In 1909, the superstructure for the memorial was laid. The Vermont marble platform is 252 feet in length and 71 feet wide, with steps on each side. The center marble pedestal is 22 feet high, is surrounded by four bronze lions.
I
n 1912, the first of Shrady's three major bronze works was placed at the site. "The Artillery Group," depicts a caisson drawn by five magnificent horses, one of which is being ridden by a guidon carrier who has turned to signal a right wheel in the face of an upcoming battle.
The expressions of the three soldiers seated in the caisson are timeless. An impending battle surely brings different thoughts to different men, and Shrady's art is masterful at capturing the personal war that must be fought by each man alone.

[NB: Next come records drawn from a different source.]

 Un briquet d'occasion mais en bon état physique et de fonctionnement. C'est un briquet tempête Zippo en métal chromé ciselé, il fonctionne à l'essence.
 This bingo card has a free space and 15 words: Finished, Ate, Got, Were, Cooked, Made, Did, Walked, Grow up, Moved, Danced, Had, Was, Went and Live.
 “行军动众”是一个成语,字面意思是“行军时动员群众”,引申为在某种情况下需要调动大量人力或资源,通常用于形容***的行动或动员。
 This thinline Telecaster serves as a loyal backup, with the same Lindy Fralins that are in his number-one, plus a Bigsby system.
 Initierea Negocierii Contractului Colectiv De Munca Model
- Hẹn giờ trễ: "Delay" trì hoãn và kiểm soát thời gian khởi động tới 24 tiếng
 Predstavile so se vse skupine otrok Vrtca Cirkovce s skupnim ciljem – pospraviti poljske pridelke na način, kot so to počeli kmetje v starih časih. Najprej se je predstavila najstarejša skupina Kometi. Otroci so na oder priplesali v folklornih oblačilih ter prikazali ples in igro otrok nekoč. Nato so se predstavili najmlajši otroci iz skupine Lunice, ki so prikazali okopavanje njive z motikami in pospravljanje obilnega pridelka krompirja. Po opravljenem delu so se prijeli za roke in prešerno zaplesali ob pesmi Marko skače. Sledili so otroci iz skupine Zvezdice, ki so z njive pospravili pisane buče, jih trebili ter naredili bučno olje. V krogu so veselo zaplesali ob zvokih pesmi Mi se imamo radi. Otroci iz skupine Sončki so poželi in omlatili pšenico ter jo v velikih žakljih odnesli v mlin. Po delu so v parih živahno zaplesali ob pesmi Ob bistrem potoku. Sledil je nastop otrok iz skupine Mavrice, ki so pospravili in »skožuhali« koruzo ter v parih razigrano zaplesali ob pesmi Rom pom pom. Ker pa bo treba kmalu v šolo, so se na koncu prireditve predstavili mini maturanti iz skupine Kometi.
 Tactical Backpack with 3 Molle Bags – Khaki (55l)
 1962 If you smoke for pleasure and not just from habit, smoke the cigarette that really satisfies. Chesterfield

Shrady used West Point cadets from the class of 1908 as models for this work, and a small bronze plaque on the back of "The Artillery Group" recognizes them. (One of the young models, James E. Chaney, would retire from the Army as a Major General.
A guidon carrier signals a right wheel in the face of an upcoming battle in Henry Merwin Shrady's "The Artillery Group," one of the large sculptures of the Grant Memorial

THE CAVALRY GROUP is one of the largest (seven horses) and most outstanding equestrian bronzes in the world and was placed at the memorial in 1916. Shrady's attention to detail was nothing less than remarkable. Even the lost and discarded items of military paraphernalia on the ground beneath the Cavalry and the Artillery (muskets, canteens, bayonets, etc.) are exact duplicates of those used during the Civil War. You can almost hear the thundering of the hooves as this mounted unit charges into battle, led by its commanding officer with sword held high. Shrady used horses from the New York Police Department to study the anatomy of the animals, he is said to have dissected one and reassembled its skeleton to understand the anatomy more thoroughly. Pain, anguish and determination are displayed on the face of a cavalryman whose horse has fallen on him. So precise and exacting was Shrady's vision of that face, that he became frustrated with those who sat for him, and he instead used a system of mirrors and sculpted the visage from his own expressions.

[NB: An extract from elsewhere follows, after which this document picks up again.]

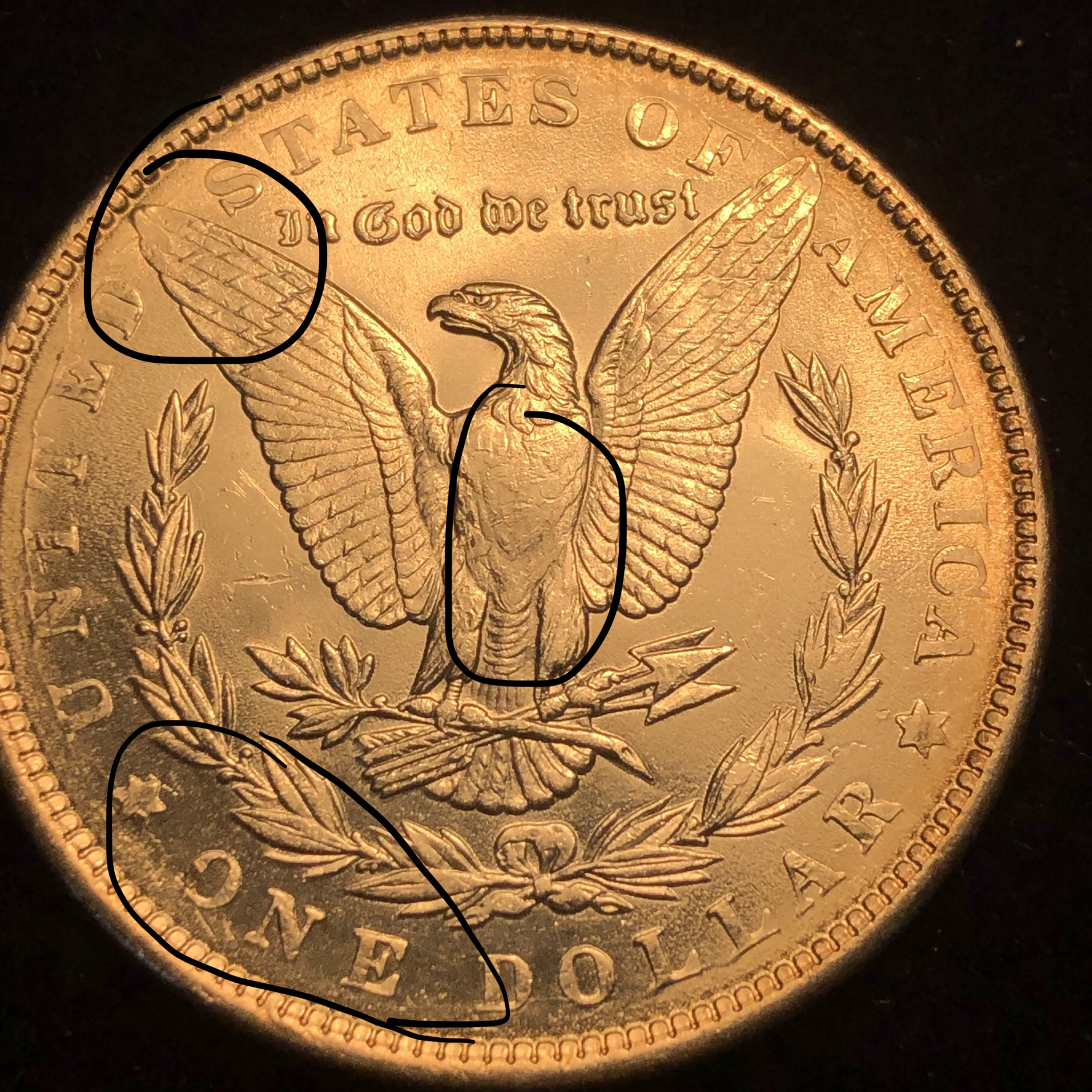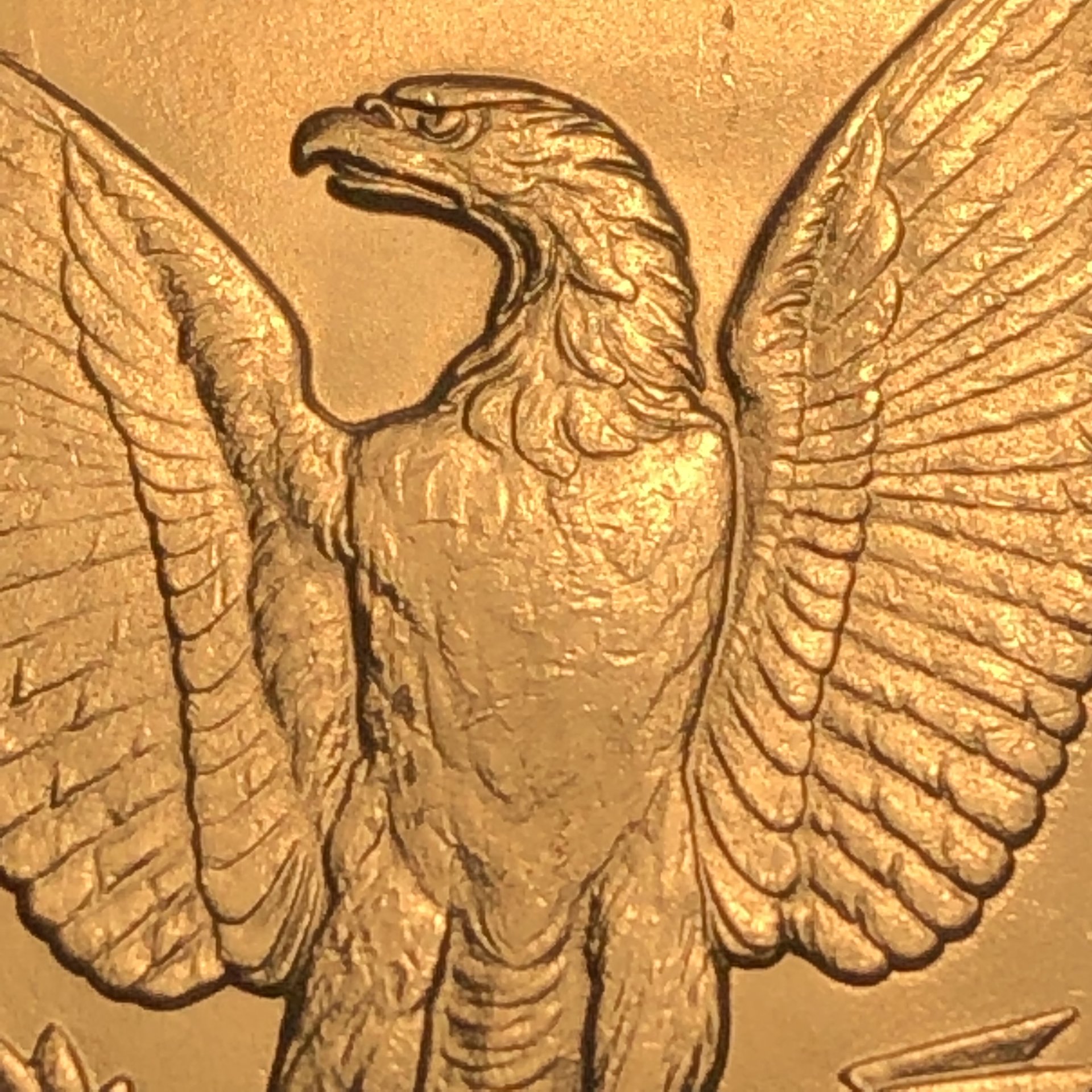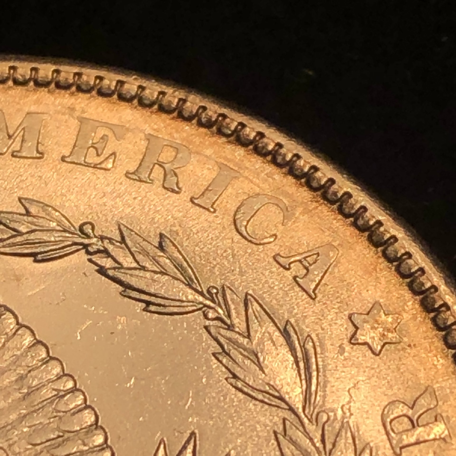 You got the idea The detail simply cannot be there because the metal on the top of that leaf never touched the die. And the reason that leaf has the texture to it is due to the same thing, and because the metal does not, simply cannot lift in a single flat plane. When metal is flowing it sorta bubbles up kind of like lava does - if and until it touches a hard surface for it to flow against and take on the shape of that surface. Which of course brings up a point that Mike raised, weakly stuck areas will never have luster. Which of course is another tell-tale of a weak strike. And, what's more, the textured surface will be of a different color than wear. Wear is always slightly darker than an area that was weakly struck. Of course, neither one will have luster - but for different reasons. With wear, the luster is worn away, with weak strike the luster never gets a chance to exist because the metal never touches the die.

The relief panels on sides of the pedestal on which Grant's statue rests depict "The Infantry Group." Although based on sketches and drawings by Shrady, these panels were sculpted by Edmund Amateis and Sherry Fry after Shrady's death. Tragically, Shrady died just weeks before the dedication of the Grant Memorial, after devoting 20 continuous years to the project.

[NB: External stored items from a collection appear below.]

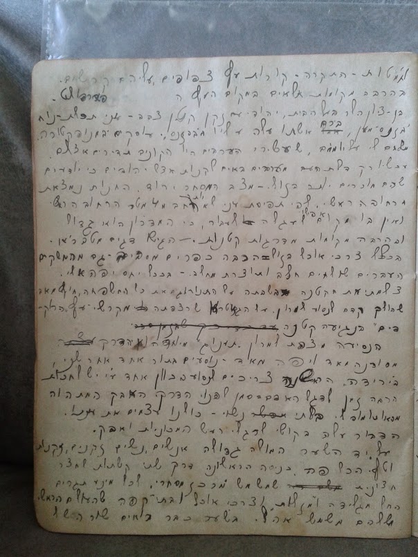 נפגשנו. הוא הביא לי מחברת מתפוררת של פעם, בגוון חום-צהבהב, מלאה בקטעי יומן מתוארכים לשנים 1926 עד 1932… כתב קטן וצפוף, חלקו בעיפרון וחלקו בעט-נובע.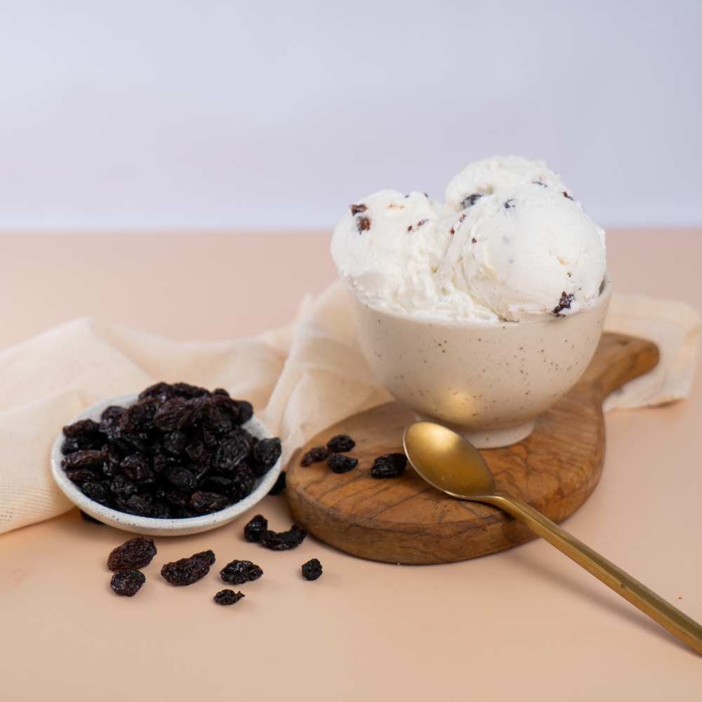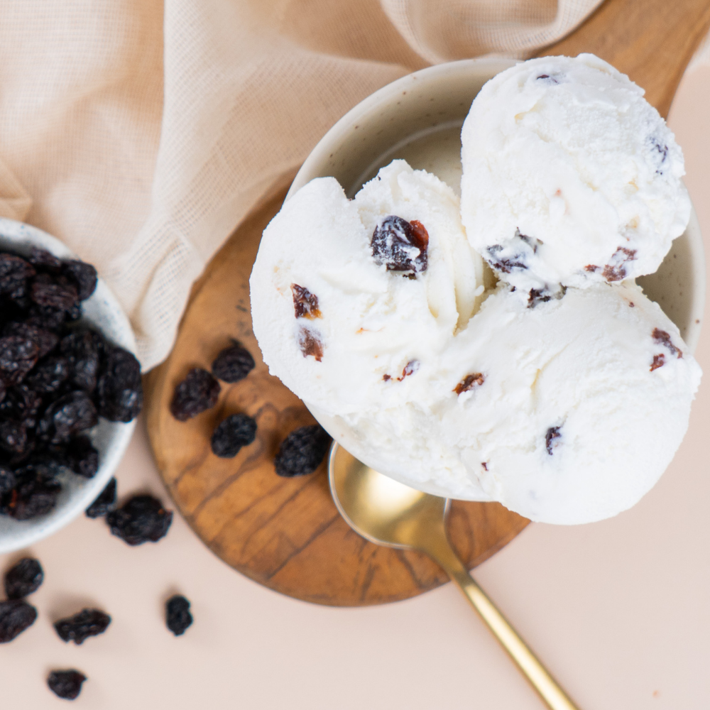 Helado [agua, azúcar, grasa vegetal no hidrogenada, leche en polvo descremada, suero de leche en polvo, emulsificante y estabilizante (mezcla de monoglicéridos y diglicéridos de ácidos grasos, goma guar, goma xantan, carboximetil celulosa sódica), sabor artificial (vainilla)], Uvas pasas. CONTIENE LECHE.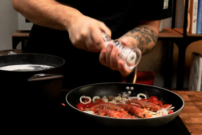 Adesso aggiungi i gamberi, aggiusta di sale e pepe e lascia cuocere i gamberi un minuto per parte. Scola gli spaghetti al dente e mettili direttamente nella padella, mescola il tutto per bene in modo che il condimento si amalgami bene con la pasta. Infine aggiungi una spolverata di prezzemolo tritato.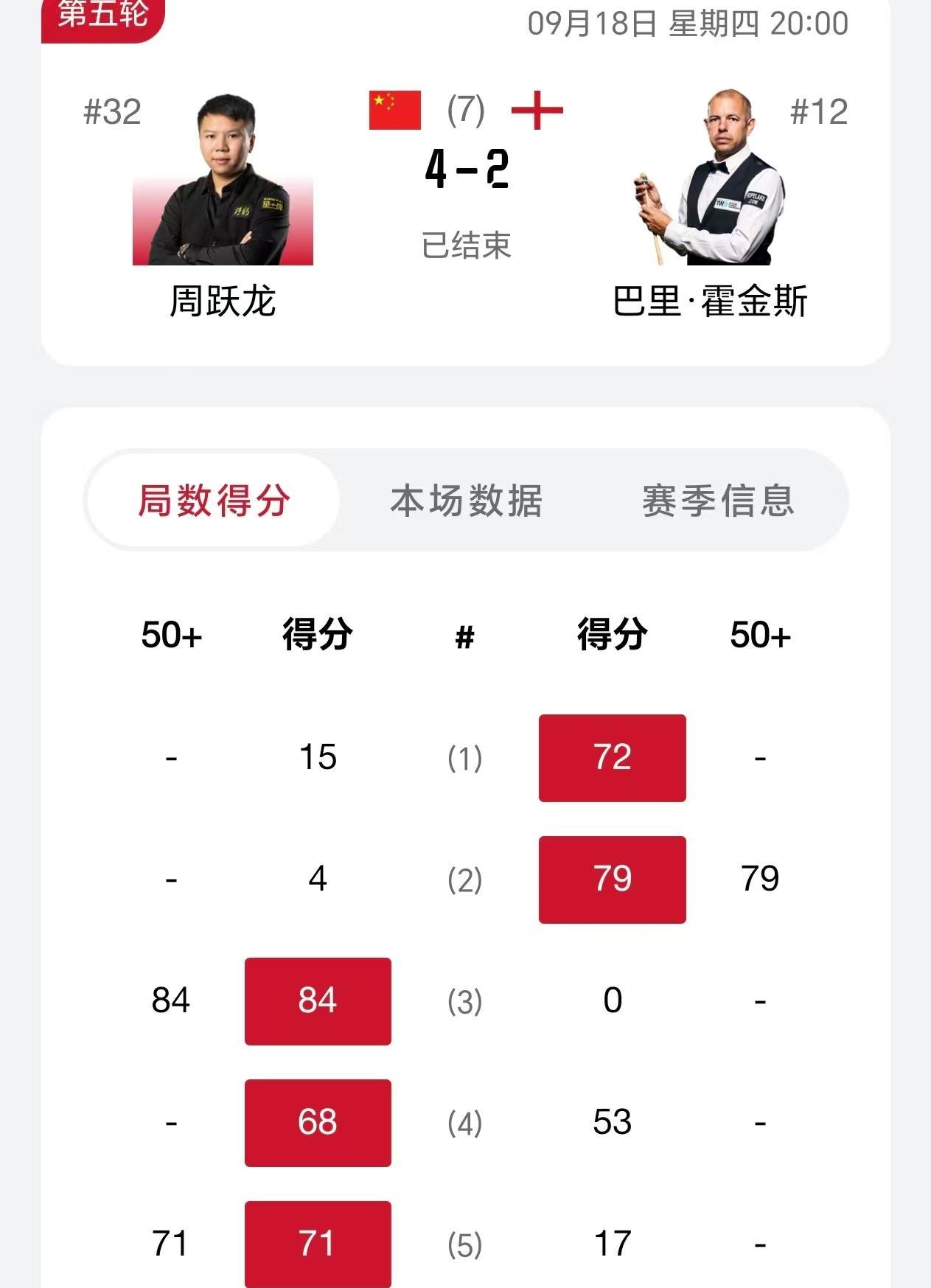 4连鞭!周跃龙0:2落后,4:2逆转巴里-霍金斯,晋级英格兰公开赛8强。 昨天4

On one of the panels in "The Infantry Group" shows an officer, with raised sword, turning to encourage his men forward. The other panel portrays a drummer boy, followed by the long line of infantrymen on what must have seemed a never ending march to the next battle.
It is fitting that these panels are at the foundation of Grant's equestrian statue. Without the blood of his infantry, Grant's many victories could not have been achieved.
The only inscription on the entire memorial is the name "Grant", and appropriately so, for a man who was as unimpressed with himself as this noble general was. He is seated calmly on his favorite horse, "Cincinnati", whose raised ears and flared nostrils seem to sense the coming battle. Grant, who was known for his coolness, unemotionally surveys the battlefield. Modest in dress and demeanor, he is confident, prepared to direct his forces toward victory.